The EDA students should recognize that it is difficult to compare the snowfalls for the different months due the varying spreads. If one looks at the boxplots of a suitable reexpression of the snowfall amounts such as square root, then one is more able to compare the snowfalls for different months.

EDA Week 4: Comparing Batches

Here we illustrate the use of the ggplot2 package in constructing graphs to compare groups of numeric data. We’ll discuss some familiar and some not-as-familiar graphs for this purpose.

The Story

Supposedly home run hitting in baseball has increased this year — in fact I read that there were more home runs hit in the month of August than in any other August in baseball history. I’ll focus on the number of home runs hit by a team per game — I’ll call this the home run rate.

Two questions.

Q1: Are team home run rates different in the seasons 2016, 2015, 1986, 1971? (I chose seasons 15 years apart.)

Q2: If the answer to Q1 is “yes”, can I quantify the differences between seasons?

The Data

The R code below collects the appropriate data. I scrape a page from Baseball Reference for the current season data and I use the Lahman package for the remaining seasons data. (I won’t go into the details of this work, since it is not the focus of this post.)

library(XML)
library(dplyr)
library(Lahman)
d <- readHTMLTable("http://www.baseball-reference.com/leagues/MLB/2016.shtml")
d2016 <- data.frame(yearID=2016, select(d$teams_standard_batting,
                Tm, G, HR)[-31, ])
names(d2016)[2] <- "teamID"
filter(Teams, yearID %in% c(1971, 1986, 2001)) %>%
  select(yearID, teamID, G, HR) -> hr
hr <- rbind(hr, d2016)
hr$G <- as.numeric(hr$G)
hr$HR <- as.numeric(hr$HR)
hr$yearID <- as.factor(hr$yearID)

Setting Up the ggplot2 Graph

All of the plots have the same ggplot2 structure. The data frame is hr , playing the role of the x variable is yearID , and the y variable is HR / G . For fun, I am using a Wall-Street Journal theme supplied in the ggthemes package.

library(ggplot2)
library(ggthemes)
p <- ggplot(hr, aes(yearID, HR / G)) + 
  ggtitle("Home Run Rates for 4 Seasons") +
  theme_wsj()

Different Graphs

Different graphs are constructed by the use of different geometric objects. In the EDA class, we focus on the use of the boxplot which is the geom_boxplot geom.

p + geom_boxplot()

week4plot1

Or we could simply plot the points — the geom_jitter geom will jitter the points to avoid overlapping points.

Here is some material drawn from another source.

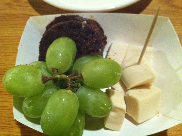 At the second tasting, there was less food but it was better matched to the wines. The little cheezy crackers. Popcorn, paired with a sparkling white wine – a surprisingly good match! Individual plates of fancy house-made vegan sausage – former omnivores should think of specialty Christmas sausages from Harry & David or Hickory Farms – served with grapes and cubes of Daiya jack style wedge cheese. And, again, those wonderful little ginger cookies!

p + geom_jitter(width=0.25) 

week4plot2

A violin plot essentially is a mirrored density graph obtained by the geom_violin geom.

p + geom_violin() 

week4plot3

Here is a redrawn version of a boxplot suggested by Edward Tufte — the geom_tufteboxplot geom is part of the ggthemes package.

p + theme_tufte(ticks=FALSE) + geom_tufteboxplot() 

week4plot4

Summing Up

I have illustrated several ways to graphically compare seasons of home run rates. What have we learned?

1. First, it is pretty clear that the batches of home run rates have similar spreads and that makes it easier to compare seasons.

2. The obvious thing is home run rates are greatest in 2016, followed by 2001, 1986, and 1971.

3. But we want to say more than the obvious. Comparing medians on the graph, it appears that the home run rates are approximately 0.1 higher in 2016 than 2001, and the rates are about .3 higher than 2016 than in 1986.